Data excerpts section start

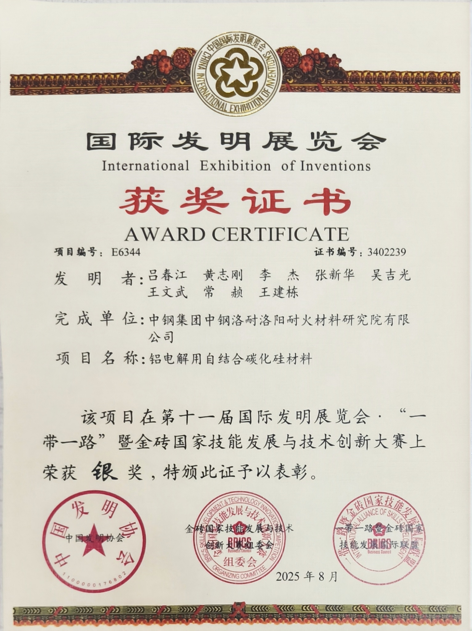 中鋼洛耐兩項創新成果斬獲第十一屆國際發明展覽會暨 “一帶一路” 暨金磚國家技能發展與技術創新大賽銀獎
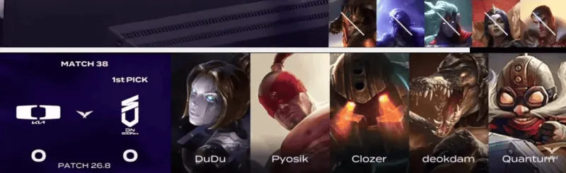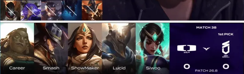 DK选用:Siwoo俄洛伊、Lucid潘森、ShowMaker卡牌、Smash希维尔、Career卡尔玛
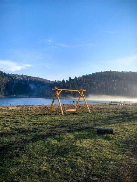 На территории также есть качели, беседка, бан, чан, прокат сапов и велосипедов
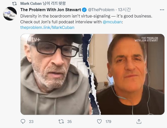 억만장자 투자자 마크 큐반(오른쪽)이 13일(현지시간) 팟캐스트에 출연해 코미디언이자 전 데일리쇼 진행자인 존 스튜어트에게 신규 투자의 약 80%를 암호화폐에 투자하고 있다고 밝혔다. 사진=마크 큐반 트위터
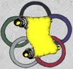 scroll overlaying five conjoined circles, the circles being red, blue,
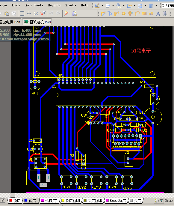 Altium Designer画的PWM直流电机调速原理图和PCB图如下:
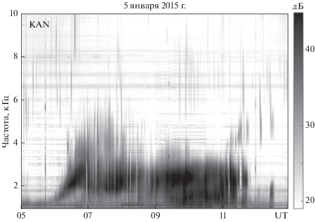 На рисунке 1 показана спектрограмма ОНЧ-излучений в интервале 05‒15 UT (08‒ 18 MLT), полученная в КАН 5 января 2015 г. Верхняя граничная частота спектрограммы (10 кГц) выбрана для исключения радиопомех дальних радиостанций, работающих на частотах выше 10 кГц, а низкочастотная отсечка (1 кГц) для исключения возможных индустриальных помех промышленной сети. При некотором воображении ОНЧ-спектрограмма напоминает очертания лежащего на земле слона, поэтому мы назвали это ОНЧ-событие “слоном”.
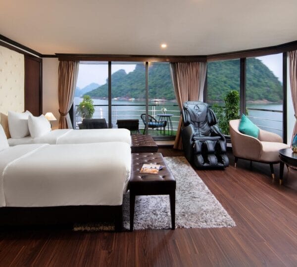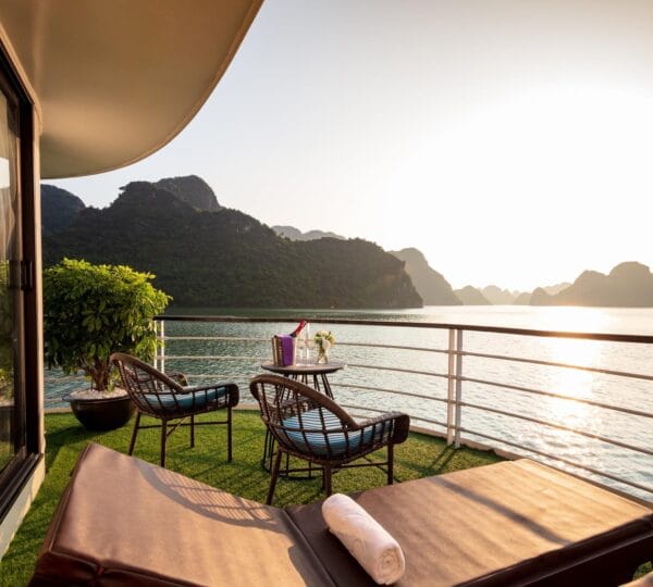The Mon Cheri stands out as one of the most contemporary and opulent vessels cruising Halong Bay since 2018. It is famous for being the fastest and most modern non-wooden ship in Lan Ha Bay, offering a superb combination of adventure and luxury. This 5-star cruise features 18 elegantly appointed cabins, each a minimum of 35 square meters, blending classic European and rustic Vietnamese design elements. All cabins come with a private balcony.
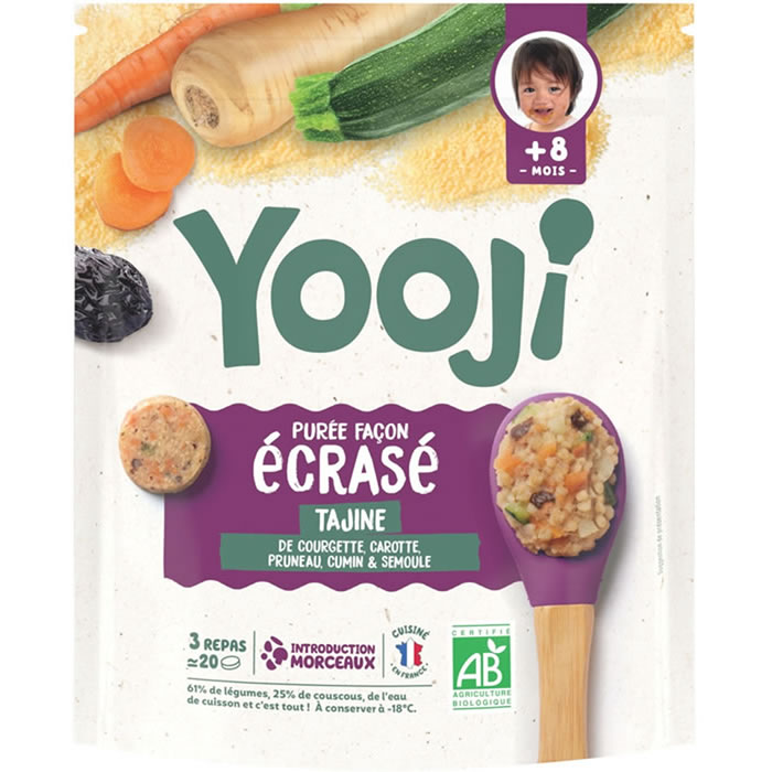 Purée façon écrasé tajine Yooji : texture écrasée, 2/3 légumes, 1/3 féculents, cuisson vapeur, portions surgelées, dès 8 mois. Agriculture biologique européenne.

Data excerpts section end

- [Task goal]: Out of the records above, please copy exactly the lines from the line with "DK选用:Siwoo俄洛伊、" up to and including the line with "억만장자 투자자 마크", minus the pictures.

- [Written answer]:
 DK选用:Siwoo俄洛伊、Lucid潘森、ShowMaker卡牌、Smash希维尔、Career卡尔玛
 На территории также есть качели, беседка, бан, чан, прокат сапов и велосипедов
 억만장자 투자자 마크 큐반(오른쪽)이 13일(현지시간) 팟캐스트에 출연해 코미디언이자 전 데일리쇼 진행자인 존 스튜어트에게 신규 투자의 약 80%를 암호화폐에 투자하고 있다고 밝혔다. 사진=마크 큐반 트위터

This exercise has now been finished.